● Exercise goal:
Lift out, unaltered, the lines of the material below between the line holding "The specially designed" and the line holding "在阿里巴巴总部的接待大楼,一", counting both.

● Material provided:
*** Begin section ***

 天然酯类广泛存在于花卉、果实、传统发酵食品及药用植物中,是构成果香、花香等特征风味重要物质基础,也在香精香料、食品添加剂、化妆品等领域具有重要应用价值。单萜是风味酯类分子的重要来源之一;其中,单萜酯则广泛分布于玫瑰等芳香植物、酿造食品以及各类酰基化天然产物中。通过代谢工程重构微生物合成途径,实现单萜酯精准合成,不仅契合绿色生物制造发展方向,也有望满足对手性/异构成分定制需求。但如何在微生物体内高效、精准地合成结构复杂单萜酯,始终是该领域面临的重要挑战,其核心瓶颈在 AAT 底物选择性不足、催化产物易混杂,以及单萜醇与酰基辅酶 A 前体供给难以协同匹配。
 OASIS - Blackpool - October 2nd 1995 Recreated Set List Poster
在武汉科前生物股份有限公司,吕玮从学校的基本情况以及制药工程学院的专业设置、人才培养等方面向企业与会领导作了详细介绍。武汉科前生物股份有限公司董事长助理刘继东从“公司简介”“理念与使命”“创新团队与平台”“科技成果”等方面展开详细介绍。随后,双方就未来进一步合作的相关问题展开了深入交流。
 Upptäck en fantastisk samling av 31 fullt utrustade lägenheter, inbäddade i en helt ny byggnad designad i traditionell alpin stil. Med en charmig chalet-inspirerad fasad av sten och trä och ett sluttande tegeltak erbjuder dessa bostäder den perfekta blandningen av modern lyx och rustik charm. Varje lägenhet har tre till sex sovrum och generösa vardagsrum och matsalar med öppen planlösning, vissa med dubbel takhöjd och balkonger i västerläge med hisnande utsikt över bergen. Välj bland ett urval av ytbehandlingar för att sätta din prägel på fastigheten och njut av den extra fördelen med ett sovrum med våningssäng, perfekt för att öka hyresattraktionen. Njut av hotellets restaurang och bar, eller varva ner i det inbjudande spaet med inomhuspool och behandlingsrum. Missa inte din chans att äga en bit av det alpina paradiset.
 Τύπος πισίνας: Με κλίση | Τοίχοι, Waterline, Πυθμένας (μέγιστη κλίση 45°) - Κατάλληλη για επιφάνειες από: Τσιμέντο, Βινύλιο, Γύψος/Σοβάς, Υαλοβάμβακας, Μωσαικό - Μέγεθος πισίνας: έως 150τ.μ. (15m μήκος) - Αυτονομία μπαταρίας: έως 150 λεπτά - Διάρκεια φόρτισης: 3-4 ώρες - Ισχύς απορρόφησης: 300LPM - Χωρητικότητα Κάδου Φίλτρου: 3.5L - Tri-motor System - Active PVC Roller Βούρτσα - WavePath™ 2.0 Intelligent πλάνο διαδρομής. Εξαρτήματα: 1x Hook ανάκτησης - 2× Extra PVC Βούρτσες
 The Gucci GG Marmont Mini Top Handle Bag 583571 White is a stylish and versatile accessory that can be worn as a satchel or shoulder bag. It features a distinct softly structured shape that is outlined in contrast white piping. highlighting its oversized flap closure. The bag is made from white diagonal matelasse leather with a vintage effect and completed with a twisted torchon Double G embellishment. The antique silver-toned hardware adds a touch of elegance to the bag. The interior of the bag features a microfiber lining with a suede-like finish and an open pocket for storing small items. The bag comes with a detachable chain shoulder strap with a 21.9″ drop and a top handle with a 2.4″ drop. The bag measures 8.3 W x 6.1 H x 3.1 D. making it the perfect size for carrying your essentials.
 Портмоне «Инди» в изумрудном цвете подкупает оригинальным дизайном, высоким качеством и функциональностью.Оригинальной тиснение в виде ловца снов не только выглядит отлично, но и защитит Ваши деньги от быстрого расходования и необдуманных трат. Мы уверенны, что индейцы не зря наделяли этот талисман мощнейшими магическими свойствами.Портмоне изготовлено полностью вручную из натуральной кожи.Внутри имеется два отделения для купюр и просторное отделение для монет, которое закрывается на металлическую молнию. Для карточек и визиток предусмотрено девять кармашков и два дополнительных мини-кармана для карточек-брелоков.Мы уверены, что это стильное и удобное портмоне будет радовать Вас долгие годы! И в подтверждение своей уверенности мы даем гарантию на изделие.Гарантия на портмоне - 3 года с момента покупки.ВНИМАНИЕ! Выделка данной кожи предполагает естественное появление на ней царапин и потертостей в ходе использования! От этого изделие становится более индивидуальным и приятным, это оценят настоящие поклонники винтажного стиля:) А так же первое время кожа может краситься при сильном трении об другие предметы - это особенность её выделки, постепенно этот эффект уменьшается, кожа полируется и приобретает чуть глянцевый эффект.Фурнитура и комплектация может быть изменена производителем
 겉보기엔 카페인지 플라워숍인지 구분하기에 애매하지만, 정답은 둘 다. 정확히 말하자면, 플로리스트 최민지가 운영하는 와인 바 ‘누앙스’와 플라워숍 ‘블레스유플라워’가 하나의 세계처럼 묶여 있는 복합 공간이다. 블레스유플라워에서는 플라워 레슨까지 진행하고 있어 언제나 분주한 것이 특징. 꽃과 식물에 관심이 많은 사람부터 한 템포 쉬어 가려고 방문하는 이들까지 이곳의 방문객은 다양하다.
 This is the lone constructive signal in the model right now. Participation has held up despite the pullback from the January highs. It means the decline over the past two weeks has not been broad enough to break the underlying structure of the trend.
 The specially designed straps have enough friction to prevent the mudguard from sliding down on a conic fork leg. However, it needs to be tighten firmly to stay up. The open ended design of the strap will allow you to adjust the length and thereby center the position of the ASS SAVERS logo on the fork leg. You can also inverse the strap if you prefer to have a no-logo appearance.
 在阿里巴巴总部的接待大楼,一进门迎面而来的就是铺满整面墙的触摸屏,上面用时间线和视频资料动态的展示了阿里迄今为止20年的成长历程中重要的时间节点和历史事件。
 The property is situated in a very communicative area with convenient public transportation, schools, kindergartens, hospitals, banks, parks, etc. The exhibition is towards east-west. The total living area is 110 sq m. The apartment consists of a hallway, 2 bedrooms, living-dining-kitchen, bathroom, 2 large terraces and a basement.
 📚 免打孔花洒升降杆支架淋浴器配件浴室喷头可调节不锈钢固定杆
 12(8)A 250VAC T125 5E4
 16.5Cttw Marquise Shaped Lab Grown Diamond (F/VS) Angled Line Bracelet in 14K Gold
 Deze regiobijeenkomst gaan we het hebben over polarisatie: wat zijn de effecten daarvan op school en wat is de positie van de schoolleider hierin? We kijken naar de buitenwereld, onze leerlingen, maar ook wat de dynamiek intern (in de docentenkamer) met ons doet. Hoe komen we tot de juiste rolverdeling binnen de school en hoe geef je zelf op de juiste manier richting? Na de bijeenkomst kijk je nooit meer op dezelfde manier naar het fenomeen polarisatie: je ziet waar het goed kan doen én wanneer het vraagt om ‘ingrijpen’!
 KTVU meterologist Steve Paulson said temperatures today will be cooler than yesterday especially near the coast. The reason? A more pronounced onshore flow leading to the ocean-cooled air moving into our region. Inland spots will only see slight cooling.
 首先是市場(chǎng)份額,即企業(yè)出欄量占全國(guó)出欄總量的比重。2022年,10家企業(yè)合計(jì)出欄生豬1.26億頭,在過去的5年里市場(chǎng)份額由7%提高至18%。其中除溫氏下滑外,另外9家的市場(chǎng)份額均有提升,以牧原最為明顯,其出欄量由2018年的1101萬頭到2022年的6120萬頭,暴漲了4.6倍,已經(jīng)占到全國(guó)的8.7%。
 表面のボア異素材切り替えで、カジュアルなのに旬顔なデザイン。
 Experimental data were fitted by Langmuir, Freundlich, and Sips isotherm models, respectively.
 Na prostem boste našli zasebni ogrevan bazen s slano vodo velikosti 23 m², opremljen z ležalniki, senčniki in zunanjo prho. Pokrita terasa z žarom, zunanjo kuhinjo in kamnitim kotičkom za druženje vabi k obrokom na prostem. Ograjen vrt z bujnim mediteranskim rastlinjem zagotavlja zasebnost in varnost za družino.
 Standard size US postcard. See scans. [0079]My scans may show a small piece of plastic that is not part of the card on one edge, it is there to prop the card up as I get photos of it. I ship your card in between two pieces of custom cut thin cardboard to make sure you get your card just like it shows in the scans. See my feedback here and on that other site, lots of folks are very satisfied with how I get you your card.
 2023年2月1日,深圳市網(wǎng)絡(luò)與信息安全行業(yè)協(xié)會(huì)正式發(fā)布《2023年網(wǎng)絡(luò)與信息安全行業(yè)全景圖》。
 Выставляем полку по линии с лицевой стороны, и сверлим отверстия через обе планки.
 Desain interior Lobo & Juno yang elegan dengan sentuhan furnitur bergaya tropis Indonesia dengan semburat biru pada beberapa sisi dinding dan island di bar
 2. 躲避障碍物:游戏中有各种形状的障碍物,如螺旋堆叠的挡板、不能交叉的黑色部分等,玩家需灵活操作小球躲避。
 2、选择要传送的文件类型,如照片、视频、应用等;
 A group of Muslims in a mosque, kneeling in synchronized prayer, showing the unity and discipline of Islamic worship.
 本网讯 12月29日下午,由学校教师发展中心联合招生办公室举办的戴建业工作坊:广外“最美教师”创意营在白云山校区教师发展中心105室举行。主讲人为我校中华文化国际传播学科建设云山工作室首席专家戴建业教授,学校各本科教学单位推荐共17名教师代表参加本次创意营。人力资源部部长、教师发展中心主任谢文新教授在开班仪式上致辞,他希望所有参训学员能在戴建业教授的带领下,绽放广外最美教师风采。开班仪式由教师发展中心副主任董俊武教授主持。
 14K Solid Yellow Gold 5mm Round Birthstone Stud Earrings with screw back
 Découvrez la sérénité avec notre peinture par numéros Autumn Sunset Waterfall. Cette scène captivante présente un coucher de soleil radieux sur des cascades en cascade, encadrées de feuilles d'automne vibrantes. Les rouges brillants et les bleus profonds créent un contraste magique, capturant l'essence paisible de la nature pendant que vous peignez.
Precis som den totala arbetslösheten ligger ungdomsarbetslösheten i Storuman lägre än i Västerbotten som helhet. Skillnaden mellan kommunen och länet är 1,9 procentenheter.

*** End section ***

● Problem solution:
 The specially designed straps have enough friction to prevent the mudguard from sliding down on a conic fork leg. However, it needs to be tighten firmly to stay up. The open ended design of the strap will allow you to adjust the length and thereby center the position of the ASS SAVERS logo on the fork leg. You can also inverse the strap if you prefer to have a no-logo appearance.
 在阿里巴巴总部的接待大楼,一进门迎面而来的就是铺满整面墙的触摸屏,上面用时间线和视频资料动态的展示了阿里迄今为止20年的成长历程中重要的时间节点和历史事件。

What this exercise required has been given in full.